Housing benefit cuts start to bite


Dave Nellist, Socialist Party councillor, Coventry
No DSS - Landlords discriminate against those on housing benefit

No DSS – Landlords discriminate against those on housing benefit

There will be widespread anguish at Tory/Lib Dems’ changes to housing benefit which came into force on 1 April. Hundreds of thousands of families will find their future entitlement to help with housing costs in privately rented property sharply reduced.

These changes will apply straightaway to all new claims for Local Housing Allowance (LHA). But other existing tenants, if already receiving LHA, will be affected if their circumstances change. For example, if someone in the family leaves (meaning their claim would then be based on ‘entitlement’ to a smaller home), or if a family moves to a new property, they will suffer cuts in entitlement.

Existing tenants will see their claims reduce at some point up to nine months after the anniversary of their claim date.

LHA was introduced by the Labour government in 2008 and only ever fully covered five out of ten rented properties in any area. But from 1 April the Tory/Lib Dem government has decided that only three in ten privately rented properties will be eligible for full LHA and be affordable. For those who live in the other seven out of ten properties, the government intends tenants will either have to make up the difference or move to somewhere cheaper.

Dave Nellist at NSSN lobby of TUC, photo Suleyman Civi

Dave Nellist at NSSN lobby of TUC, photo Suleyman Civi

In Coventry the local council has written to approximately 10,000 tenants and 1,200 landlords, and, in a press release, estimates the changes will reduce entitlement to LHA for privately renting tenants by an average of £550 a year, or £11 a week.

For larger families the reduction could be as much as £2,750 a year, or £55 a week as the rate for new claims will be based on a maximum four bedroom, not a five bedroom, property.

As unemployment rises, then more and more families are going to be pushed into poverty. And if landlords don’t reduce their rents by the same amount as the cuts (not a very likely prospect) then evictions and homelessness will rise.

As housing specialist Rob Windsor said: “This is just the start of cuts which will push people into overcrowded housing. In the case of people under 35 years old, shared housing will be the only option. With less and less jobs the days of rising homelessness will return, thanks to the Tories and their Liberal Democrat rear gunners.”

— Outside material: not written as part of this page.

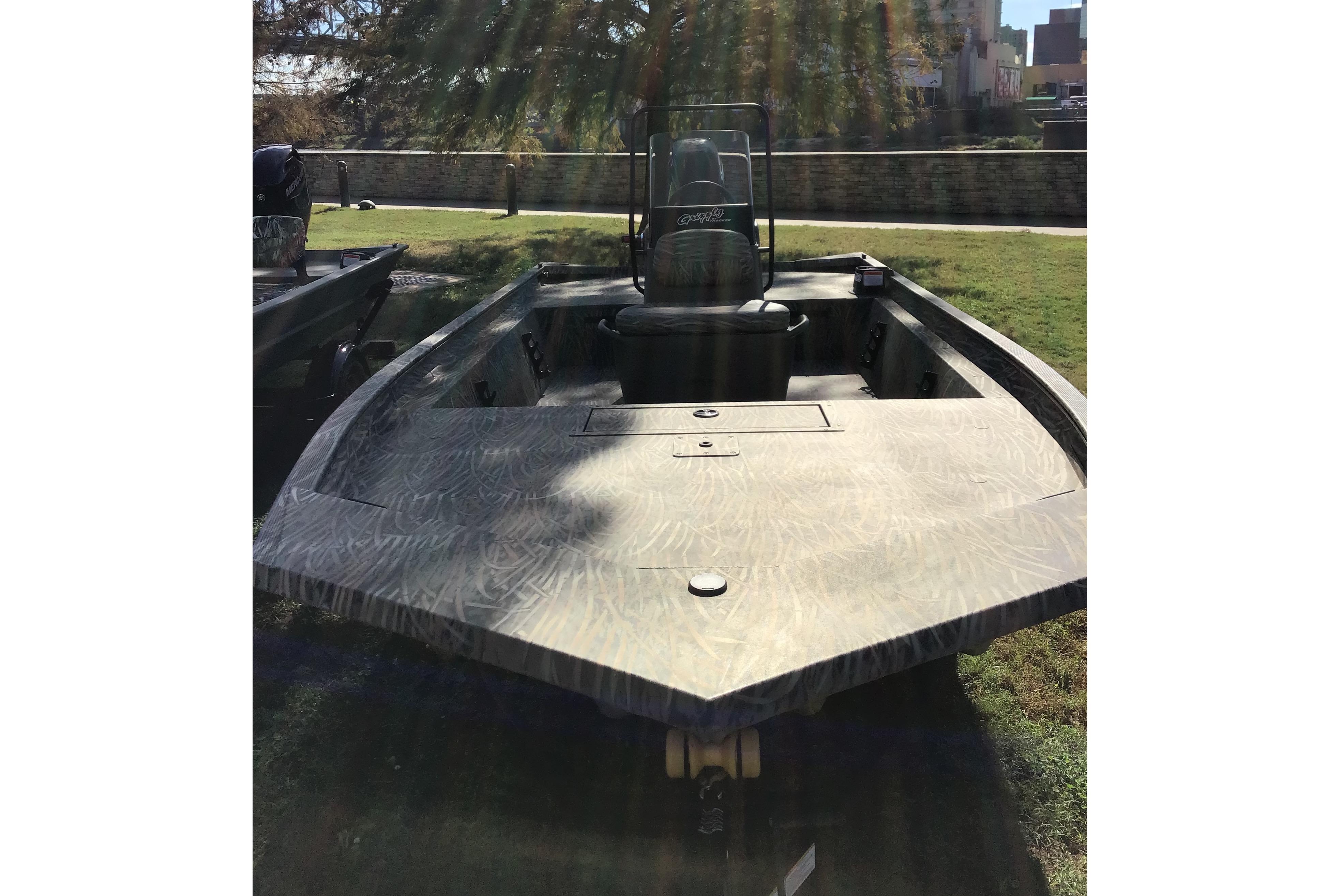 Venture into the unknown with the TRACKER® GRIZZLY® 1860 CC, a robust and versatile all-purpose jon boat designed to conquer various water environments, from rivers to lakes to bays. With its durable, all-welded construction, this boat is equipped to handle any adventure you throw its way. The innovative center-console design not only provides 360° fishability but also offers enhanced visibility for the driver, crucial for navigating through shallow waters cluttered with stumps and rocks. Whether you're casting a line or cruising the waters, the decks and floors of the 1860 CC are equipped with our textured SURE TREAD™ coating, ensuring a secure and non-skid surface for your safety and comfort. The unitized stringer, transom, and Mod V hull construction of this boat guarantee a solid and stable ride, delivering an experience that is both smooth and dry. Finished with our exclusive Forest Green powder-coat finish, the GRIZZLY 1860 CC not only looks sleek but also offers superior protection against corrosion and wear. For those looking to personalize their vessel further, optional TrueTimber patterns and a Marine Mat kit are available, allowing you to tailor your boat to your preferences and style. With the added assurance of the TRACKER PROMISE, featuring the best factory warranty in aluminum boats, the GRIZZLY 1860 CC is a reliable and dependable choice for all your boating adventures.

I want Coventry council to collate the responses to the letters they have sent to tenants and landlords and urgently prepare a strategy to pressurise the government to reverse these vindictive changes.

Pressure needs to be brought on councils around the country to link up in a campaign to force the government to retreat.

We need candidates in the May elections who will argue against these cuts and instead for a mass programme of building affordable, decent housing, and a benefits system that fully protects people when they need it.

Candidates from the Trade Unionist and Socialist Coalition (TUSC) will certainly be doing that.